The dataset used in this study comprises 2091 H3N2 full genomes sampled from 56 different countries between 2008 and 2014. Identification of reassortment was performed by combined MrBayes/GiRaF and ML analyses of segment tree incongruence, where reassortant genomes found in MrBayes/GiRaF analyses were mapped onto the ML segment trees, and the results were used for confirmation of reassortment. Following this, the found reassortants were mapped onto a full genome ML tree, which was used for determination of reassortant lineages with reliance/confidence, and for further refined detection of genomes within these lineages (Fig. 1). There were a total of 16 reassortant clades/lineages found (I to XVI, Fig. 1, Table 1). Each of these lineages represented a single reassortment event followed by subsequent spread and sampling of the reassortant virus in the human population. Each of the reassortant lineages in the full genome ML tree (Fig. 1) was supported by high node confidence values (approximate likelihood-ratio test, aLRT >0.7). In several instances, one reassortant clade/lineage was found within another, indicating the presence of second-generation reassortment (lineages XI, XII, XV, and XVI). As noted previously, monophyly of reassortant clades was not always observed in the separate segment trees [25, 28].

Fig. 1
figure 1

Reassortant lineages and variants found among H3N2 genomes sampled between 2008 and 2014. The full genome maximum likelihood phylogenetic tree shows 16 reassortant clades/lineages highlighted in Baby Blue (I), Dark Blue (II), Light Blue (III), BlueD (IV), GreenD (V), GreenL (VI), Green (VII), Dark Green (VIII), Salmon (IX), Red (X), Maroon (XI), Dark Red (XII), Orange (XIII), Purple (XIV), Lavender (XV), and Pink (XVI) (in the order of appearance in the tree) and single reassortants marked in yellow. Vaccines and important vaccine candidate names are positioned next to their approximate position in the tree. Years of vaccine use are in parentheses next to the vaccine names. The three most distinct non-reassortant clades are named in black text. All reassortant and vaccine clades had node confidence values >0.7 (aLRT)
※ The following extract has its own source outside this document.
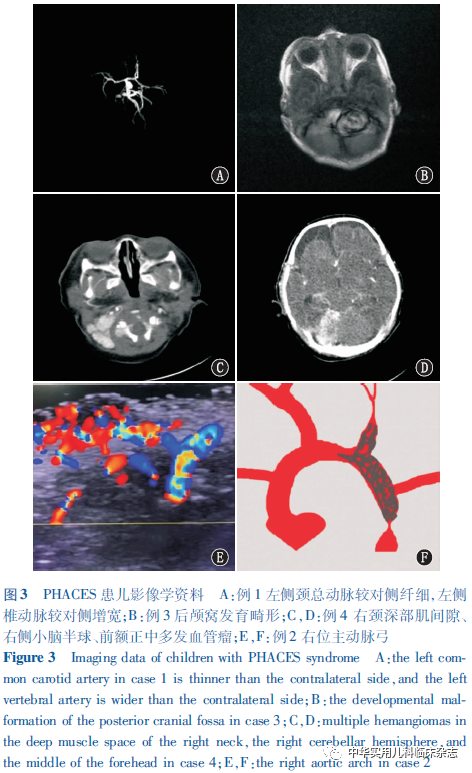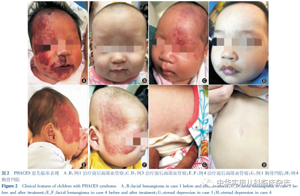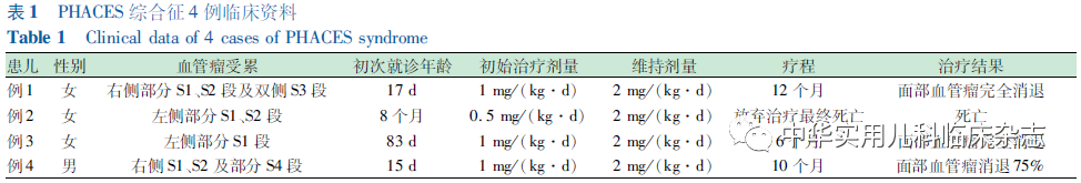 目前口服普萘洛尔为PHACES综合征一线治疗方案[15],多数患者耐受性良好。普萘洛尔治疗IH分子机制尚不清楚,研究揭示涉及的机制包括以下几个方面:周细胞调节血管收缩、抑制血管内皮细胞增殖、儿茶酚胺导致血管形成、负调节肾素-血管紧张素-醛固酮轴等。普萘洛尔在治疗婴幼儿血管瘤方面具有较好安全性及较少不良反应。本研究中4患儿未见普萘洛尔治疗的不良反应。口服普萘洛尔治疗婴幼儿最常见的不良反应为睡眠障碍、腹泻、四肢发冷、气道痉挛等,但这些不良反应通常是一过性的,可采取一定措施减少其发生,如最好在白天固定时间服药,然后立即进食。如上呼吸道感染合并支气管痉挛和食物摄入量减少,应停用普萘洛尔[8,16]。本研究结合病例及文献复习发现,口服普萘洛尔治疗PHACES 综合征影响疗效及预后有2个重要因素。(1)启动口服普萘洛尔治疗的时机。由于PHACES综合征的血管畸形在出生后数月内仍会持续进展[8],而患儿预后主要取决于大脑、主动脉、胸部、颈部等中等大小动脉受损程度[17]。因此口服普萘洛尔应该在发现病情后尽早启动。本研究例2患儿最终死亡,可能原因为严重心脑血管畸形,也可能与启动普萘洛尔治疗时机较晚导致心脑血管畸形持续加重有关。而例1、例3、例4因治疗介入早,虽也有合并心、脑血管结构的异常但预后均良好。(2)口服普萘洛尔的用量。作者认为普萘洛尔的使用应足程足量。既往研究证实,普萘洛尔治疗中高风险婴儿血管瘤的疗效及预后与药物剂量密切相关。同样,普萘洛尔治疗PHACES综合征如果药物剂量不足也可能影响疗效及预后,普萘洛尔的目标剂量应达到2~3 mg/(kg·d)[7,18]。目前普萘洛尔治疗PHACES综合征,特别是伴有动脉疾病风险者,剂量选择仍有争议[2]。有文献报道采用普萘洛尔治疗颅内血管瘤时可诱发低血压和脑血管灌注减少可能,并增加发生脑血管意外的风险[11,13]。然而,本研究及部分国外研究结果显示PHACES综合征,即使是有高卒中风险患儿,对口服普萘洛尔治疗耐受性良好[8,16]。可先小剂量启动治疗,更慢增加至目标剂量。另外需要更频繁地监测血压。一般第1周的初始剂量为0.5~1.0 mg/(kg·d),逐渐增加至2~3 mg/(kg·d),尽量每天分3次给药,以最大限度地降低血压峰值水平的波动[2,5,7,18]。当IH发生在面部且是节段性或面积较大(直径>5 cm),发生PHACES 综合征可能性为 20%~31%。在一项评估 108例患有大节段性面部IH研究中,诊断为 PHACES 综合征者约1/3[19]。此外,最常见的外部受累为大脑结构和血管。因此,在考虑PHACES综合征时,要积极进行神经和心血管系统评估,包括超声心动图、心脏及脑血管影像学检查,以更好地检查心脏和头臂解剖结构[16,20],此外,还应包括对眼和胸骨中线异常的评估。PHACES综合征患者随年龄增大还可能出现新的合并症,包括头痛、内分泌、听力和牙齿异常等,累及气道的血管瘤可能引起呼吸困难[7,21],需联合耳鼻喉科进行评估,本研究例1患儿因口周血管瘤首诊耳鼻喉科。因此,各科医师在门诊遇到面部IH可疑PAHCES综合征的患儿,一定注意仔细甄别,尽早明确诊断及启动多学科会诊及治疗,多学科会诊可及时识别可能的中枢神经系统、心脏、眼部、内分泌、听觉、语言和吞咽异常,从而实施有效干预措施,预防并发症。本研究为单中心回顾性研究,样本量偏少,且随访时间尚短,存在一定局限性。另外本研究对受累系统的随访深度不够,缺少对患儿生长发育、生活质量的评估。上述不足可通过前瞻性研究、多中心合作、扩大样本量进一步多角度对患者临床资料进行分析来完善、提高。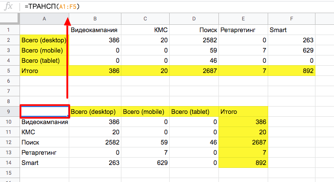 В свободную ячейку прописываем =ТРАНСП и указываем диапазон — в нашем примере это A1:F5.

Table 1 Reassortant geographical and temporal distributions and time of the most recent common ancestor (TMRCA)

In addition to 16 reassortant clades/lineages, 53 genomes were found with unique reassortment patterns, and 4 additional genomes were identical to 4 of these unique reassortants. These genomes represented reassortant viruses that did not establish a successful spread in the human population. Some of these unique reassortants had segments derived from within the second-generation reassortant lineages, demonstrating the occurrence and detection of third-generation reassortment. Ten of the genomes showed more complex reassortment patterns of segment exchange, including segments originating from at least three different parental lineages/clades. Most, but not all, of the reassortants were also confirmed using RDP (Table 2). RDP is in general used to find parental genomes of recombinant sequences, and lack of their presence might have resulted in reassortment underestimation by this tool [48]. RDP also found a large amount of reassortment where none existed (169 false positive genomes), as compared by manual examination of the trees and GiRaF results. This has been observed in RDP previously [28].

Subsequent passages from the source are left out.